• _Dataset extract_:
= Beginning of Section =

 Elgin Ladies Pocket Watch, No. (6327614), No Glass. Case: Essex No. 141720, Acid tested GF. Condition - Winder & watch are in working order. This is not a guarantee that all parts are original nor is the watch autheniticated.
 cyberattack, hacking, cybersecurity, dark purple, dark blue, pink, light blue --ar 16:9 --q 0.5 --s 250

= End of Section =
= Beginning of Section =

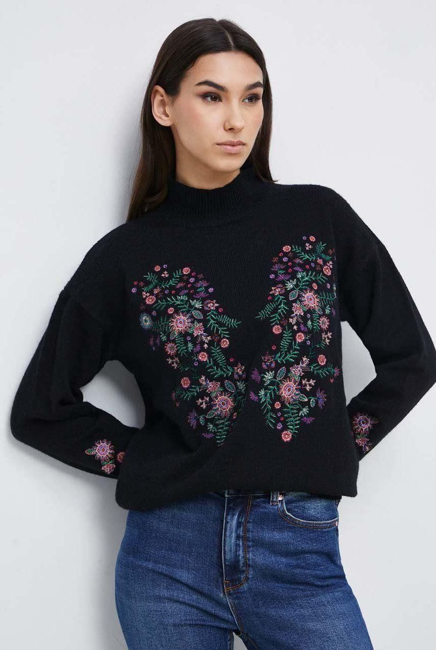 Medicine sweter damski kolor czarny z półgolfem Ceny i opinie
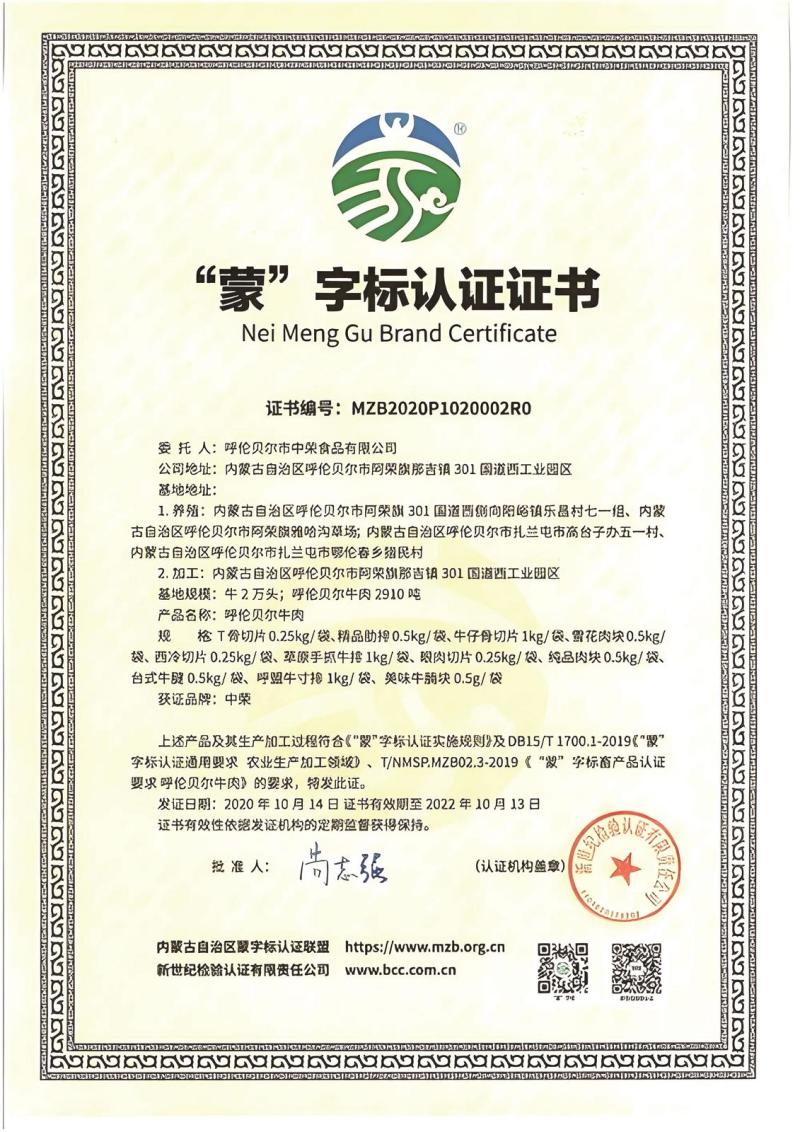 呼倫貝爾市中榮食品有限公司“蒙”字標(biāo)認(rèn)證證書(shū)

= End of Section =
= Beginning of Section =

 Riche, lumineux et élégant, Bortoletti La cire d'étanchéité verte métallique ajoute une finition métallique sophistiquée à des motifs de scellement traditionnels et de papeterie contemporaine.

= End of Section =

• _Exercise aim_:
Within the listing above, extract exactly the lines from the line with "Elgin Ladies Pocket" to the line with "cyberattack, hacking, cybersecurity, dark", the two named lines included, and no others.

• _Exercise response_:
 Elgin Ladies Pocket Watch, No. (6327614), No Glass. Case: Essex No. 141720, Acid tested GF. Condition - Winder & watch are in working order. This is not a guarantee that all parts are original nor is the watch autheniticated.
 cyberattack, hacking, cybersecurity, dark purple, dark blue, pink, light blue --ar 16:9 --q 0.5 --s 250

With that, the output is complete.